Adeus Serra do Cervo!

Você que lê este blog já me viu desistir de escrever nele uma outra vez, mas pelo motivo de não encontrar uma história que valesse a pena. Depois voltei atrás por saudades de falar de terra, de bichos e de meu estado de espírito nas serras. Bem, agora é definitivo! Não voltarei mais a este espaço para descrever minha lida pelas serras do Cervo, simplesmente porque não mais estarei por lá. Se vier a escrever sobre minha longa jornada por cada recanto daquele refúgio o será em outro blog, mas para dizer das saudades, reminiscências e imagens indeléveis desta vivência. Este blog será como uma árvore esquecida na retina do viajante em um trem que dispara pelo campo. Ou como mais uma lápide no grande cemitério da web. Grato àqueles que me brindaram com sua leitura. Antes de fechar de vez este espaço farei uma última blogagem, em respeito aos que me seguem. Manterei, limitadamente, o blog http://levileonel.blogspot.com

segunda-feira, 23 de novembro de 2009

O Elmo e as Armas de Joaquim Tobias!

Sexta pegamos o carro e fomos a Espírito Santo do Dourado, onze quilômetros distante de casa. Uma viagem curta e rápida por estradas poeticamente sinuosas, belas como uma pintura de Duchamp. Anoitecia. Os paralelepípedos da cidadezinha já se umedeciam de calmo sereno. As cores tendiam ao pastel. Estávamos em silêncio; sem saber exatamente o que se passava conosco. Que sentimentos tínhamos, vagando por nossos espíritos?

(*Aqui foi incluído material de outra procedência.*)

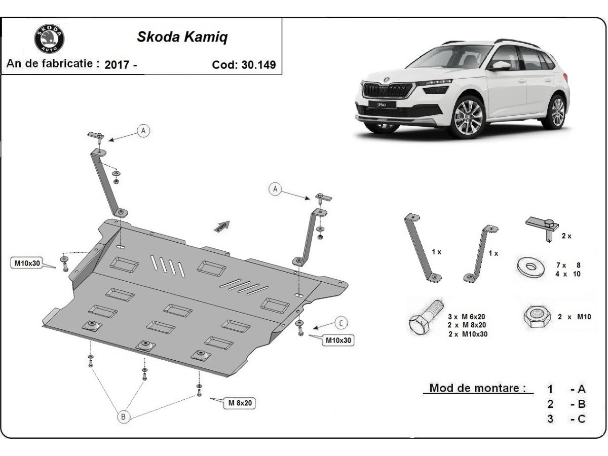 Ocelový kryt motoru Skoda Kamiq (2019-2025)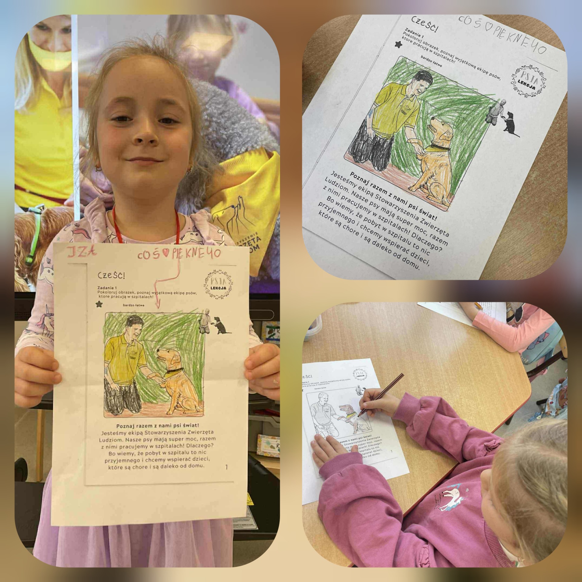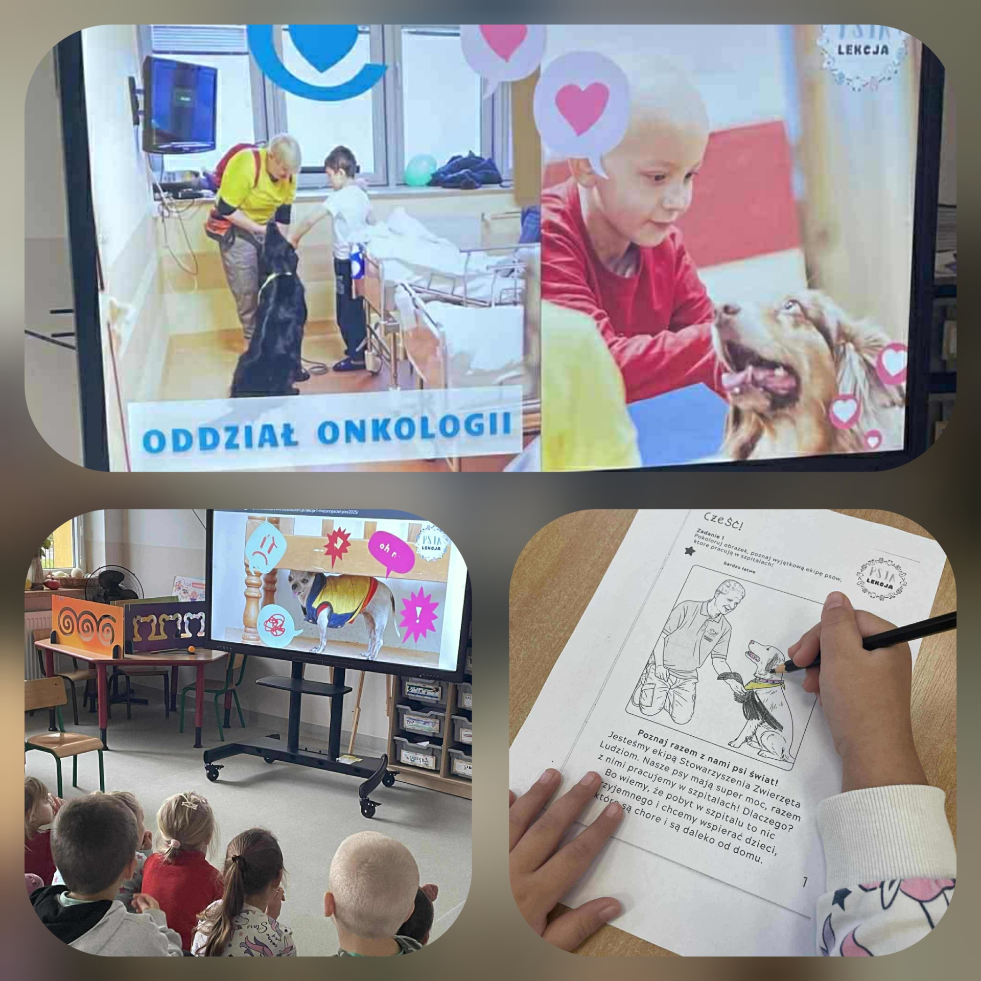 Dowiedzieliśmy się również, że psy ze stowarzyszenia pracują w szpitalach i pomagają dzieciom wracającym do zdrowia. Zajęcia były bardzo ciekawe i pouczające. Dzięki nim lepiej rozumiemy, jak ważny jest szacunek, odpowiedzialność i empatia wobec zwierząt.

Chegamos em uma esquina; estacionamos perto de uma casa azul. Quatro ou cinco homens sentados na calçada, em frente a casa, nos olharam longamente, a mim e Vania, enquanto nos dirigíamos até lá. Olhavam sem ansiedade ou constrangimento; sabiam porque estávamos lá. Não havia mistério, talvez alguma dor em certo canto de nossos rostos, uma certa rigidez nas faces, mas nada muito vincado. Nos olhos certo aquecimento do espírito, nos gestos um comedimento que eu já experimentara três ou quatro vezes na vida. Tinha a ver – eu o sabia muito bem – com os ritos da morte. Daqueles homens conhecíamos o João. A fala calma, e de certo modo espremida, sai do peito de Vania: O Zé ligou falando do seu Joaquim; que caíra nas pedras...

O João: Não, Vania, foi entre o primeiro e o segundo portão lá da casa de vocês.

O outro: Falei para o Zé que não podia ficar daquele jeito, que a vida é assim mesmo, que tem que erguer a cabeça, que...

O João: Ele teve dores há uma semana, mas não quis ao médico...

Vania: Eram amiguinhos, dividiam tudo entre si, eram sócios em tudo que trabalhavam,  todas as rocinhas, do milho do feijão...

O outro: Eram...

João: Eram mesmo...

Eu: Tenho pena do Zé, que ficará sozinho...

Vania: Como deve ser difícil para o Zé, vê-lo ali naquela situação...

João: Encontrei ele lá no Ademir, cabeça baixa chorando, andando devagar...

O outro: Falei para o Zé que não podia ficar daquele jeito, que a vida é assim mesmo, que tem que erguer a cabeça, que...

Vania: O que será de seu cão e seus gatos e galinhas e vaquinhas e cavalinho...
Entramos na casa, sorumbáticos, silenciosos. Olhamos seu rosto sereno, quase tão sereno quanto quando andava lá em nosso bosque trabalhando sua roça de milho em sociedade com o Zé; Joaquim estava de camisa nova, uma daquelas que jamais usou no dia a dia; o caixão não lhe caía bem, não sei porque. Digo: Prefiro ficar com a imagem dele na serra. Vania desvia duas lágrimas com as costas das mãos.
Embaixo do caixão, colocados lado a lado, seu chapéu de palha amassado, suas botinas rijas e desgastadas e uma sacola com pertences. Penso - é incorrigível em mim - que faltava sua enxada amolada e um machado; tal como se enterravam os guerreiros em certas culturas, com seus pertences de combate. Do Joaquim vi seu elmo usado contra o sol, as botinas que lhes protegeram os pés da rudeza do chão. Mentalmente coloquei ali sua enxada e machado - as armas de um quixote lutador contra ervas daninhas e na faina de corrigir o chão para ali enfiar sementes. Também como Dom Quixote, Joaquim lutava contra alguns mal-feitos e desrazões - só não sei quais.
Adeus Joaquim Tobias! É melancólico que seus pés nunca mais amassem os torrões carpidos nas bordas da serra do Cervo!